When Francis and Noemí are alone in the bedroom, he tells her his plan to break Noemí out of High Place. Howard’s body is going to die soon, and they’ll use that moment to escape through a tunnel beneath the house. Noemí makes Francis promise to help Catalina too, and he agrees. They should be able to escape in a few days, but until then Noemí has to play along with the family’s wishes. Howard expects her and Francis to get married, and he’s planning a ceremony for tomorrow night.

Noemí is forced to wear an ancient wedding dress to the ceremony, which takes place in Howard’s bedroom. Howard reads a few verses in Latin, gives Francis and Noemí a mushroom to eat, and then sends them off to separate bedrooms. Noemí waits for Francis in her room, but instead Virgil walks in. He says that the family figured out about their escape plan. He tries to force himself on Noemí, but she pushes him over and knocks him unconscious. She then runs to Catalina’s room and meets with her cousin and Francis. The three begin to leave, but they’re caught in the hallway by Florence, who has a rifle. Florence leads them to Howard’s room, where it’s revealed that Francis—not Virgil—is going to receive Howard’s consciousness. Howard begins the ritual, and Francis meekly complies.

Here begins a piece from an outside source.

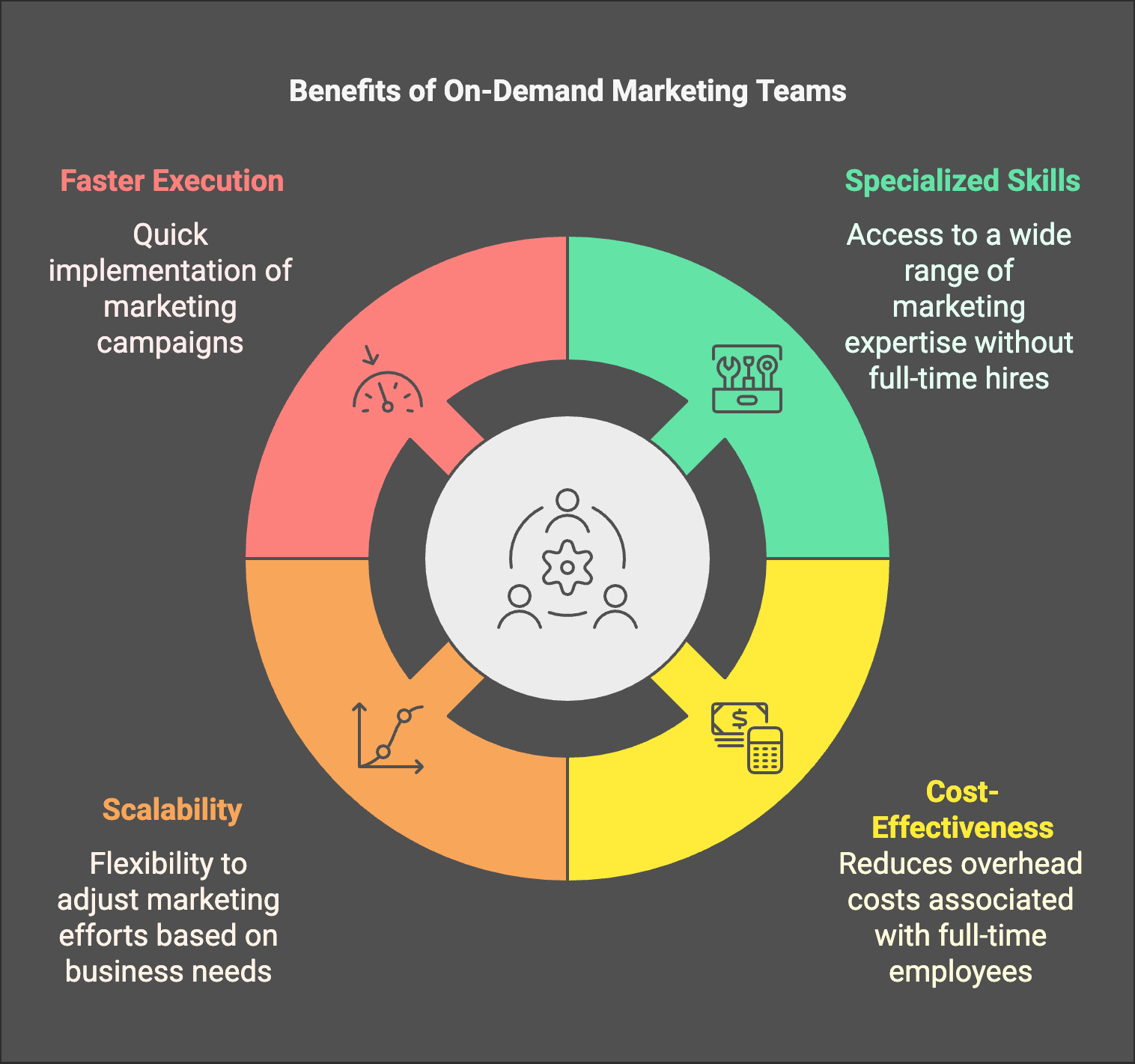 Scalability and adaptability are crucial in today’s dynamic market. On-demand marketing teams offer the flexibility to scale efforts up or down based on business needs, ensuring companies can respond swiftly to market changes or new opportunities. This agility is complemented by faster execution and reduced time-to-market for campaigns. As one service provider notes, “Tap into unparalleled results so fast, you’ll want to keep us as your secret”.

Everyone is distracted by the ceremony, so no one notices Catalina grab a knife and walk over to Howard. She stabs him repeatedly and then tries to escape. Florence attempts to shoot Noemí, but Francis wrestles the rifle from her and shoots his mother. Noemí then takes the rifle from Francis and, like Ruth before her, shoots Howard. She then runs from the room with Catalina and Francis, toward the tunnel that Francis had planned to take them through. The tunnel leads to a cavern beneath the house—the same one that Noemí has seen in her dreams. Noemí pulls back a curtain behind the cavern’s altar and finds the mummified remains of Agnes, Howard’s first wife. Agnes’s body serves as the epicenter of the gloom.

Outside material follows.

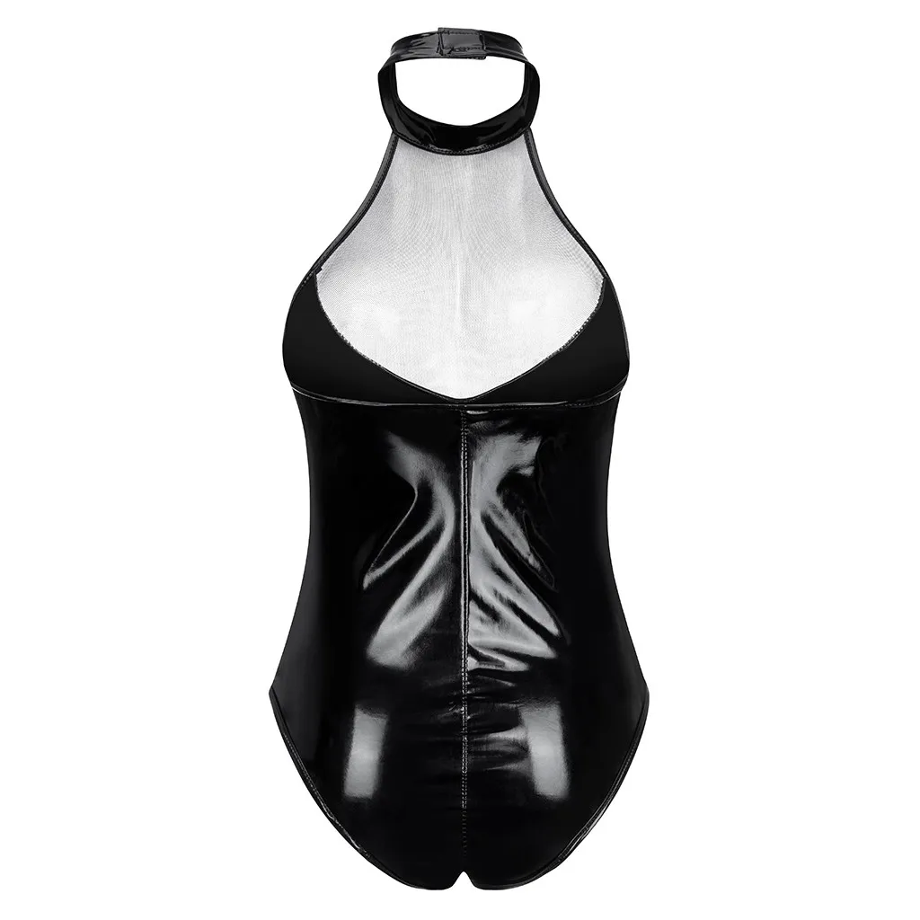 Сексуальная Женская цельная лакированная кожа пальто комбинезон боди Тедди S-XXL

Virgil strolls into the chamber and reveals that he planned for all of this to happen—he wants his father to die so that he can have full control over the gloom and High Place. He’s going to bring the three of them back and become the new patriarch of the family. Francis attacks Virgil, and while the two struggle, Noemí grabs a lantern and throws it at Agnes’s body, igniting it in flames. With their precious fungus burning, Virgil and Francis collapse, and Catalina stabs Virgil before helping Francis and Noemí escape. They leave the cavern and run down the mountain, eventually finding refuge at Dr. Camarillo’s clinic, where they wait for Noemí’s father and the police to arrive.